Re: Ruby gem fork - contribute back?
how far back did you fork? could we have a Ruby 1.8 gem and a Ruby 1.9+ gem? we have python and python 3 support broken out, for example. On Wed, Jun 25, 2014 at 3:51 AM, Willem van Bergen wil...@vanbergen.org wrote: Hi, For a Ruby project, I am using AVRO schemas to validate Ruby objects. Because I ran into some issues with the official avro gem, so I forked it: https://github.com/wvanbergen/tros. (The name probably only makes sense to Dutch people :) ### Changes - Fixed a round trip encoding issue for union(double, int) types.

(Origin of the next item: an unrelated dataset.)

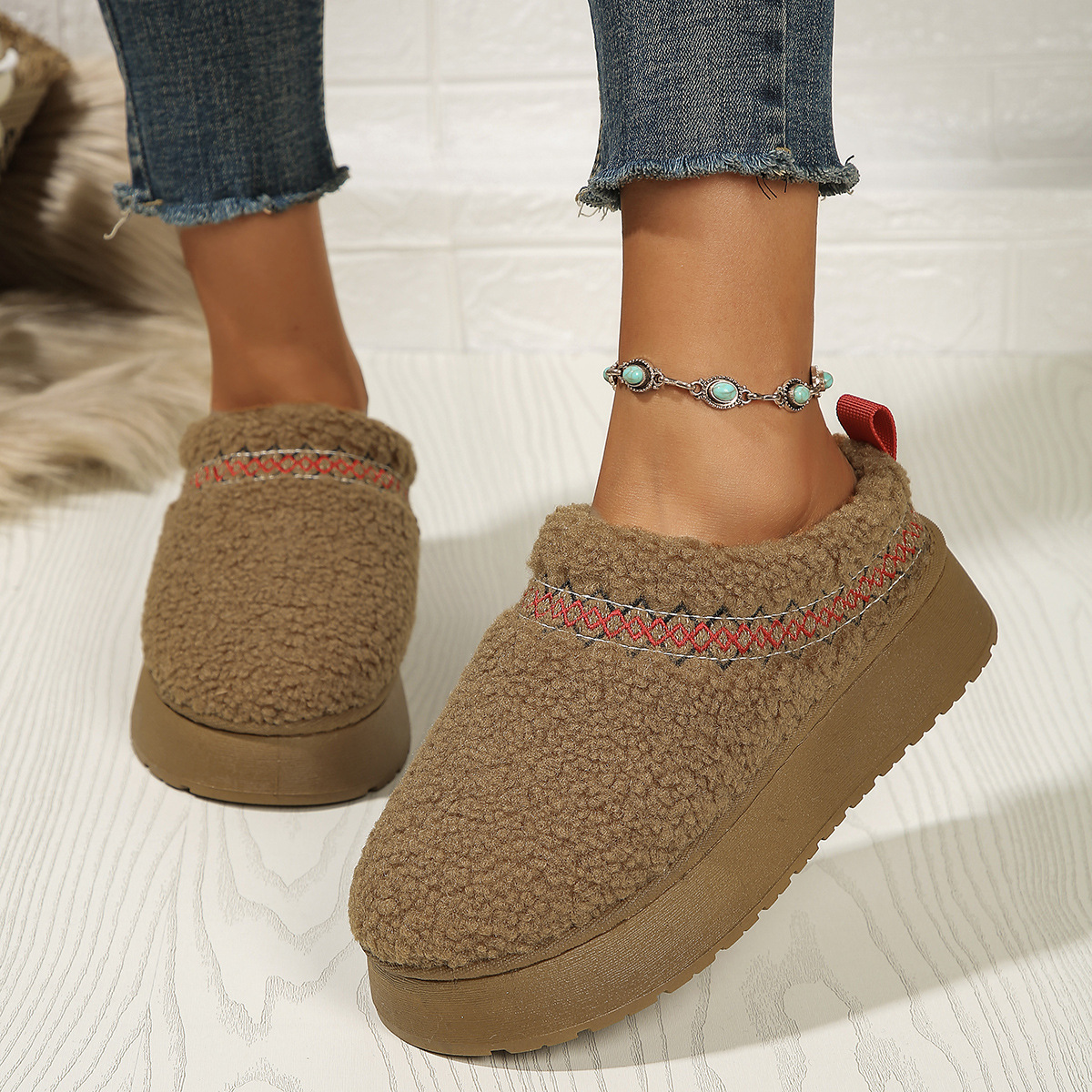 두꺼운 밑창 스노우 부츠 여성의 2024 대외 무역 플러스 사이즈 기모 따뜻한 바오 터우 색상과 유럽과 미국의 레저 착용 마오 마오 코튼 드래그

Integers were being encoded as floats, and read back as float. In Ruby versions 2.0 and later, a float == bigint equality check will return false. This caused a test to fail. - Fix UTF-8 support for Ruby 1.9+, and JRuby. The original code was written for Ruby 1.8, and there's some big changes to how to properly do this in Ruby 1.9+ and JRuby. - Remove monkey patching of Enumerable Monkey patching builtin objects is frowned upon, especially in libraries. Fixing it was easy: https://github.com/wvanbergen/tros/commit/c81d6189277111008ebb05239af91d286dd01061 - Dropped dependency of yajl-ruby and/or multi_json. The yajl-ruby dependency was causing compatibility issues with the rest of my application, and there's no released version yet with working multi_json (1.7.6 cannot be installed because multi_json is misspelled multi-json). Instead of fixing that, I decided to simply use Ruby's built in support for JSON. For libraries, the less external dependencies the better. I also did some heavy refactoring to make the Ruby codebase work outside of the context of the greater Avro project, and applied some best practices of the Ruby ecosystem. Finally, I set up CI ( https://travis-ci.org/wvanbergen/tros) that checks the gem on multiple Ruby versions. ### Contributing back? I would like to contribute back my changes if you are interested. However, maintaining Ruby 1.8 support will make this very hard. Ruby 1.8 doesn't come with built in JSON support, and it's unicode handling is severely broken. It is also no longer maintained: https://www.ruby-lang.org/en/news/2013/12/17/maintenance-of-1-8-7-and-1-9-2/ Is it acceptable to drop support for Ruby 1.8? If so, I can work with you to get my changes back into the main codebase. Cheers, Willem van Bergen -- Sean
Re: Ruby gem fork - contribute back?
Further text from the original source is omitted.